Akita Ramsden is organizing this fundraiser on behalf of Jenny Knapton.
Hello world I am the mother of Leonidas-Aurelius Ramsden...Akita Ramsden
We are devastated and lost, feeling stuck in a reality that shouldn't exist. We will never feel complete again...
I'm 21 years old. I have made two perfect, beautiful children. My daughter Azaylea and my son Leonidas-Aurelius . We fell in love the moment I met them.
Me and my soul mate created them with so much care and love. We intend to homeschool our children so that we get to enjoy every moment alongside them guiding them though life.
Our son Leonidas-Aurelius was 4 months and 3 days old when he rolled over in the middle of the night while his family slept. He didn't cry..He didn't wake up.. he just slipped away in his sleep with small sweet smile on his face..
The moment me and my partner woke from a couple hours napping. We had to face the most reality shattering and horrific realisation... that Leonidas-Aurelius, the perfect soul had left the beautiful vessel we had created
Leo had the most beautiful low tones to his voice and he loved the sound of it.. he was always showing off his lovely cooing sounds but most of all he loved to roar. When you held his hands he would hold on and lift himself into the air ... Always smiling and holding his head high. He was such a beautiful sight... 4 months and 3 days of showering him in love and kisses was the best moments of my life.
He was such a lovely little brother to sister who loves him infinitely and misses him very much. She would call out for him first thing when she woke and spend the day cuddleing him and entertaining him, showing of all her toys and music.. he is her best friend.
Our family are working very hard on doing up an old broken house we have just moved too and we lack funds for this... let alone a funaral fund.. we don't usually like to ask for help. But one of the things my son that life is all about love.
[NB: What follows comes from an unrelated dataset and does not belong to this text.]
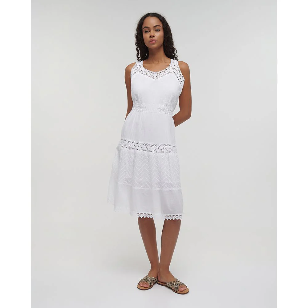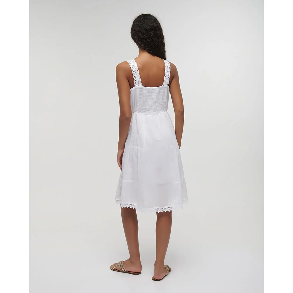 Abitino bianco totalmente in pizzo bianco con dettagli ricamati a mano sule spalle larghe e sulla scollatura a v. Un abito dolce ed elegante per tutte le occasione. COD 5-41-057-0151

And we are in understanding that there are alot of lovely people in the world and it's okay to ask for help.
I'm an agnostic.. although I am not set on a religion , I do believe my son's soul is still experiencing reality in what we call a oneness...I'm hear to ask one thing of everyone who reads this... To ask If you can send love and happiness out into existence in the name of sweet Leonidas-Aurelius.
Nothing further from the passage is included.